We conducted seawater immersion bath challenges using three distinct genotypes of P. salmonis to investigate the early stages of piscirickettsiosis in rainbow trout over a 30-day period. The analysis of the surviving rainbow trout after the bath challenges indicated that genes associated with immune markers, such as CD4, IL-1β, IL-10 and TNF-α, showed minimal response (in gene regulation) to infections caused by P. salmonis. Overall, our findings suggest an innate inflammatory response in surviving fish that was related to the infection by P. salmonis, but also to non-pathogenic stimuli. The inflammatory response was associated with the expression of saa (e.g., in the gills) and tnf-α genes (in the liver and muscle), but with no involvement of the pro-inflammatory il1b1 gene. The downregulation of oncmyk-dbb and IGHM genes indicates that P. salmonis can interfere with the activation of CD4+ T cells and impair humoral immunity in surviving fish. However, further research is needed to determine whether the response of the gene onmy-UCA in P. salmonis-infected rainbow trout was related to the transcriptional activation of CD8+ T cell gene markers. Notably, while there were no significant differences in mortality among the three P. salmonis infectious treatments, the isolate Psal-104 (an EM-90-like genotype) tended to induce higher cumulative levels of gene regulation over time compared to the other two genotypes. In turn. this suggests that Psal-104 may have a greater immunogenic potential. Finally, since the bacterium was found in the skin of the challenged surviving trout but not in their internal organs, our findings support the use of non-lethal and non-invasive analysis of fish skin for the early surveillance of piscirickettsiosis.
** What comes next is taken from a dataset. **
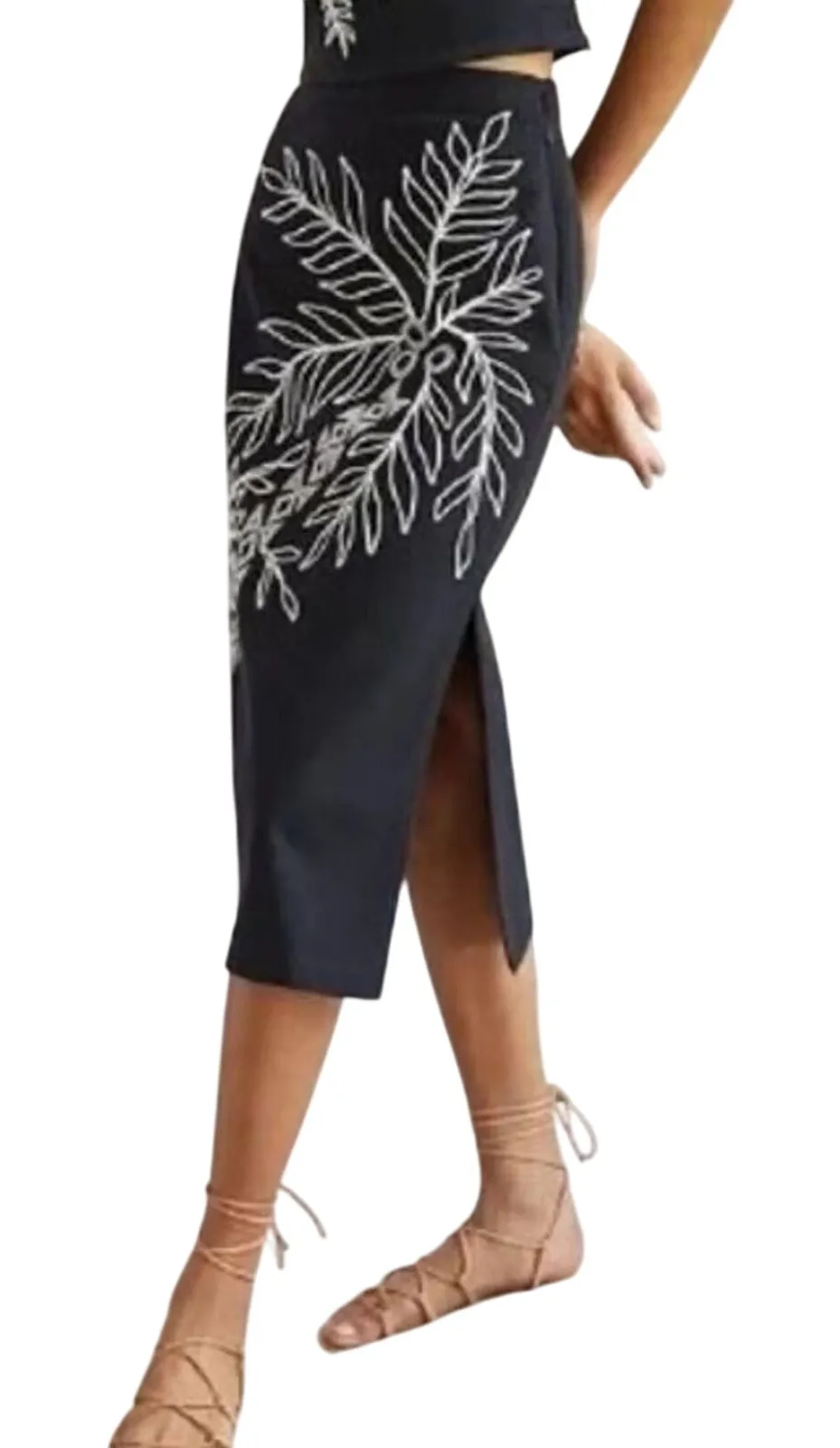 Anthropologie Maeve Embroidered Palm Tree Midi Skirt Size US 6 New with Tag MSRP $98 100% Cotton Embroidered detail Midi silhouette Lined Side zip Machine wash Color is black with cream embroidered motif Flat Lay Approx. Meas. (inches): Size: US6 Waist: 14 Hip: 20 Length: 31
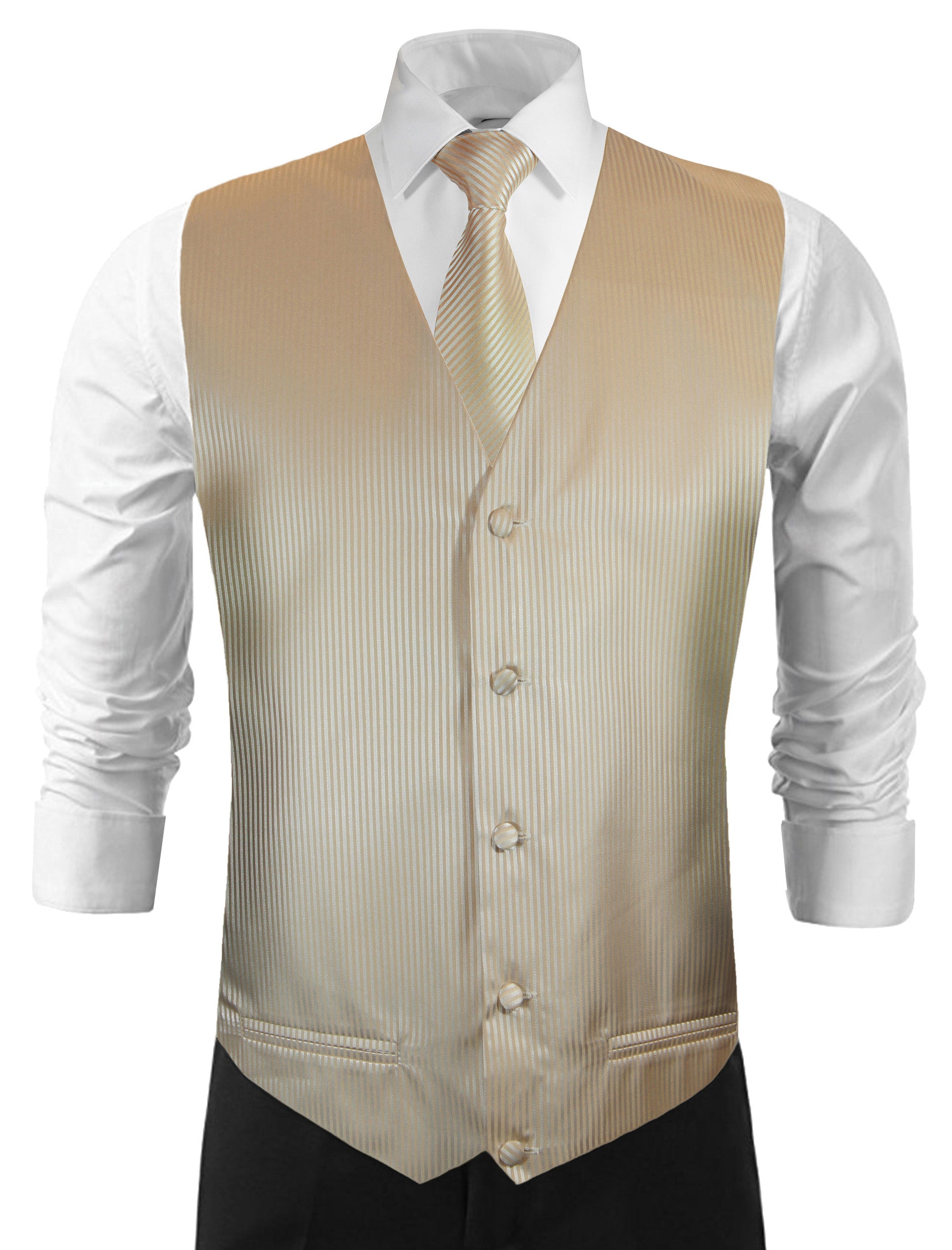 Spice up your formal suit with this espresso striped tuxedo vest set includes the vest, your choice of necktie or pre-tied formal cravat, pocket square and cufflinks. Full back. 100% microfiber . Imported.

Data availability statement

The original contributions presented in the study are included in the article/Supplementary material, further inquiries can be directed to the corresponding authors.

Ethics statement

The animal study was approved by Ethics Committee of Universidad Andrés Bello under approval accreditation 001/2025, in addition to being conducted in accordance with previously approved protocols by the institutional committee on ethics, care and use of laboratory animals (CIECUAL, for its acronym in Spanish) of the Universidad de Talca under folio number 2020-06-A. The study was conducted in accordance with the local legislation and institutional requirements.

Author contributions

HL: Funding acquisition, Conceptualization, Writing – original draft, Investigation, Project administration, Validation. HW: Writing – review & editing, Investigation, Methodology. FB-H: Investigation, Writing – review & editing. FP-S: Writing – review & editing, Formal analysis, Methodology. RI: Investigation, Writing – review & editing. RA-H: Conceptualization, Investigation, Funding acquisition, Validation, Writing – review & editing.

Funding

The author(s) declare that financial support was received for the research and/or publication of this article. This research was funded by Grants FONDECYT Iniciación 11200708 and FONDAP-INCAR 1523A0007 from the Agencia Nacional de Investigación y Desarrollo (ANID, Chile). The APC was partially funded by Programa de Apoyo para el pago de Procesamiento de Artículos 2025, Dirección General de Investigación, Universidad de Playa Ancha, Chile.

Acknowledgments

We thank Catalina Salinas for her valuable assistance in laboratory experimental procedures.

Conflict of interest

The authors declare that the research was conducted in the absence of any commercial or financial relationships that could be construed as a potential conflict of interest.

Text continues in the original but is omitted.